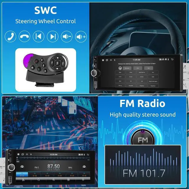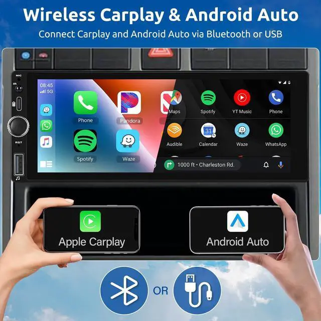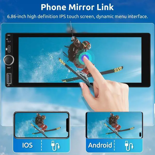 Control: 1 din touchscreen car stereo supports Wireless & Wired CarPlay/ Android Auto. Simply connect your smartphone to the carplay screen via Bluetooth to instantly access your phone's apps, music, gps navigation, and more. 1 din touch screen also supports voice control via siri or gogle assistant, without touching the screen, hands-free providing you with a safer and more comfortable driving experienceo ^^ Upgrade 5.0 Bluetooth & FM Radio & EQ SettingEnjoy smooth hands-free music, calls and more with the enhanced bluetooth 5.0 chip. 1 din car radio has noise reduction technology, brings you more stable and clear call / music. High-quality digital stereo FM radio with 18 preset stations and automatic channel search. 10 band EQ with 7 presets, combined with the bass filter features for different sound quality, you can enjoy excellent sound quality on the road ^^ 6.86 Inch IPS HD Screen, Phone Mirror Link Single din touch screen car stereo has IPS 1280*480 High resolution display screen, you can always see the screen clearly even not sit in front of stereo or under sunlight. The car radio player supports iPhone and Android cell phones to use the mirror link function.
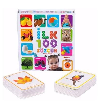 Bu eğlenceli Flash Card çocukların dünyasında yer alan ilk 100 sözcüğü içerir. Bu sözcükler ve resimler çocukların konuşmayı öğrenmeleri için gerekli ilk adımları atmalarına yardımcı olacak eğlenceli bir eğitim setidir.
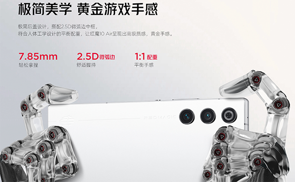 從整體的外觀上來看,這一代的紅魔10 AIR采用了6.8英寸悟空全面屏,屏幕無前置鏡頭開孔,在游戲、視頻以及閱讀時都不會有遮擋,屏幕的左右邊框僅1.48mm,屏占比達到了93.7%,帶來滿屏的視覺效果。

***

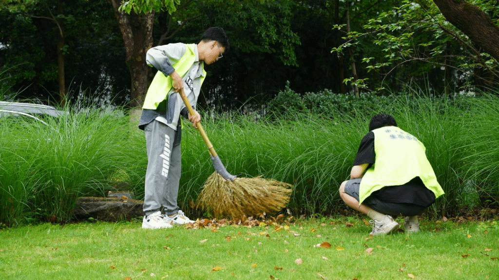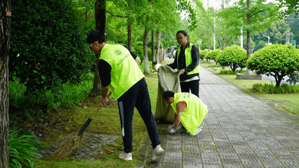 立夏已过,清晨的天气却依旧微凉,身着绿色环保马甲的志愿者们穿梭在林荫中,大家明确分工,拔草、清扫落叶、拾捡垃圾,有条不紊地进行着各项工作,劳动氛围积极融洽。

***

Assigned task: Copy out exactly the material that runs from the line with "Bu eğlenceli Flash" to the line with "從整體的外觀上來看,這一代的", ends included, and leave the pictures behind.

Reply to the exercise:
 Bu eğlenceli Flash Card çocukların dünyasında yer alan ilk 100 sözcüğü içerir. Bu sözcükler ve resimler çocukların konuşmayı öğrenmeleri için gerekli ilk adımları atmalarına yardımcı olacak eğlenceli bir eğitim setidir.
 從整體的外觀上來看,這一代的紅魔10 AIR采用了6.8英寸悟空全面屏,屏幕無前置鏡頭開孔,在游戲、視頻以及閱讀時都不會有遮擋,屏幕的左右邊框僅1.48mm,屏占比達到了93.7%,帶來滿屏的視覺效果。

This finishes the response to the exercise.